Катины рассветы...

Верона Шумилова
                14

   Василий Петрович в белой рубашке и наглаженном костюме стоял за киоском. Стоял и думал о том, как на этот раз встретит его дочь, что скажет ему и будет ли вообще говорить с ним.
   Еще издали увидел ее: Катя появилась во дворе общежития в сиреневом костюме, в новых, на каблучках, туфельках. Лишь прошла мимо,  несмело окликнул ее,  но она не услышала его. Ушла, тоненькая, стройная, унося с собой его замирающее сердце и надежду на встречу, а он остался стоять на том же месте, словно прикованный цепями.

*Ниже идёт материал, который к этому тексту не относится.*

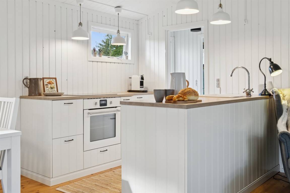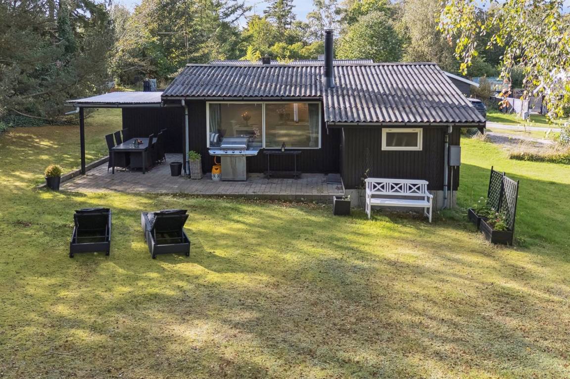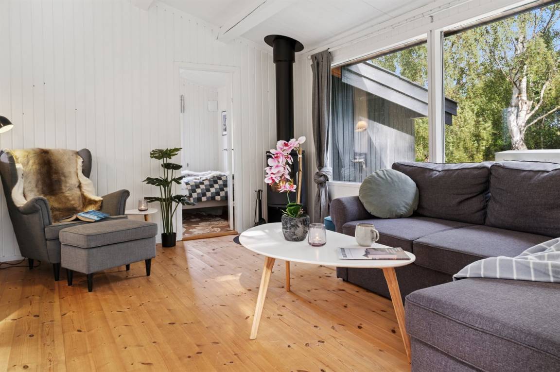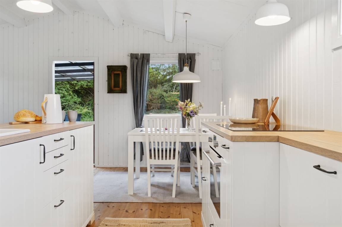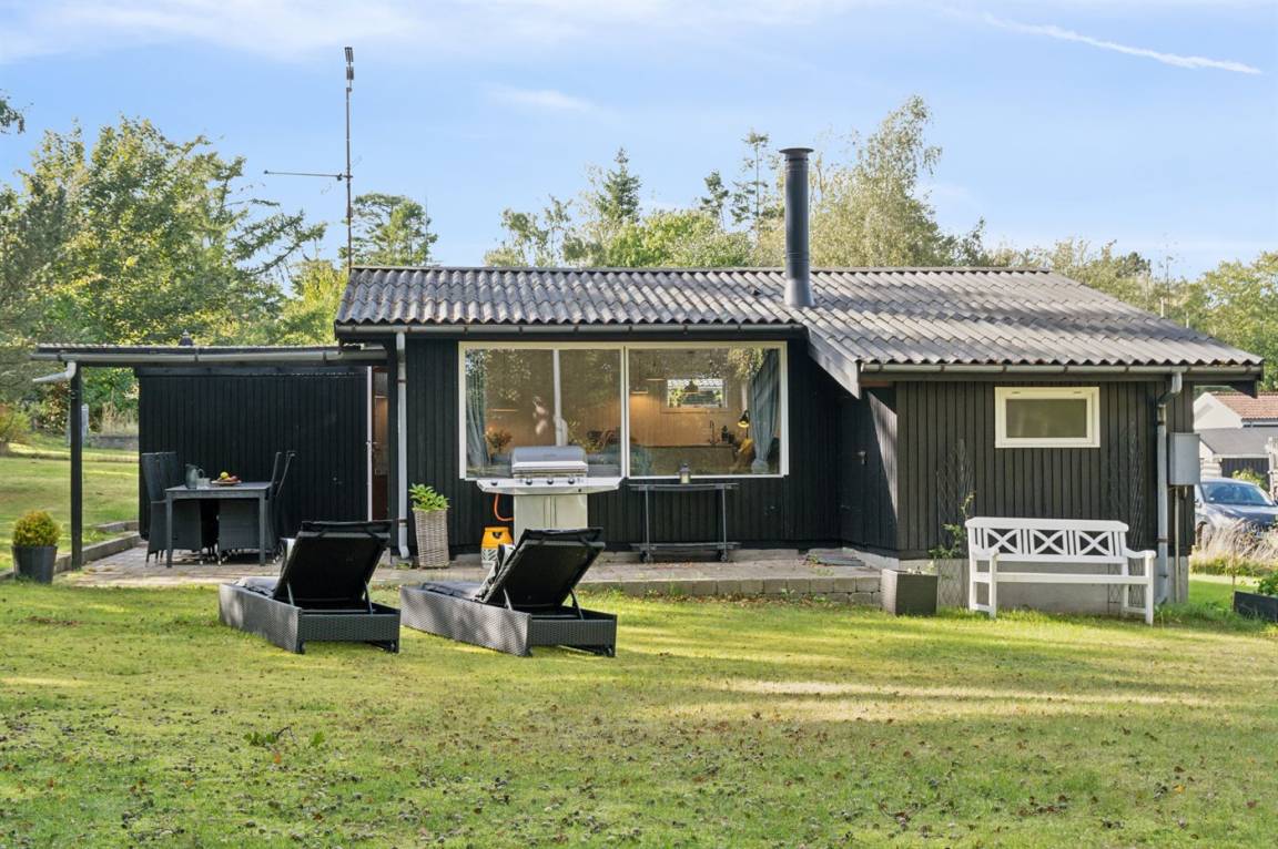Das Haus ist mit einem hellen Wohnzimmer, das in offener Verbindung zur Küche liegt, zwei Schlafzimmern und einem Badezimmer mit Dusche eingerichtet. Vom Haus aus hast du direkten Zugang zu einer überdachten Terrasse und dem Garten.

   "Вот она, моя кровинка, - провожал он ее глазами. - Выжила и выстояла и без отца. А сколько горя хлебнула?! И не стала ни наркоманкой, не ушла под заборы. А могла бы... Сама карабкается вверх... Ах, дочка, дочка! И я ведь победил зло. Все силы отдал, но победил... - Слабея телом, Василий Петрович облокотился о выкрашенный зеленой краской забор. - Странно, - подумал он дальше, - странно, что люди не могут победить пристрастие к выпивке. Можно ведь. Только в какое-то время необходимо не щадить себя, хребет сто раз переломать, чтобы косточки хрустели; когда и тяжко и больно, и страшно и невыносимо, а держаться надо: пусть душа кричит криком, пусть в мучениях умирает, требуя хоть капельку спиртного, чтобы ожить, а ты держись и не смотри на бутылку. Умри, но не смотри! Она волком воет, а ты держись; она задыхается, а ты дыши,  она падает, а ты стой. Стой, когда, казалось бы, сил-то никаких нет, и воли нет, а есть одно безмерное всепоглощающее желание выпить, чтобы вернуться с того, кошмарного света, в этот, теплый, безмятежный, когда море - по колена и жар-птица в руке. И если ты устоишь в эти минуты, часы, дни - ты победил..."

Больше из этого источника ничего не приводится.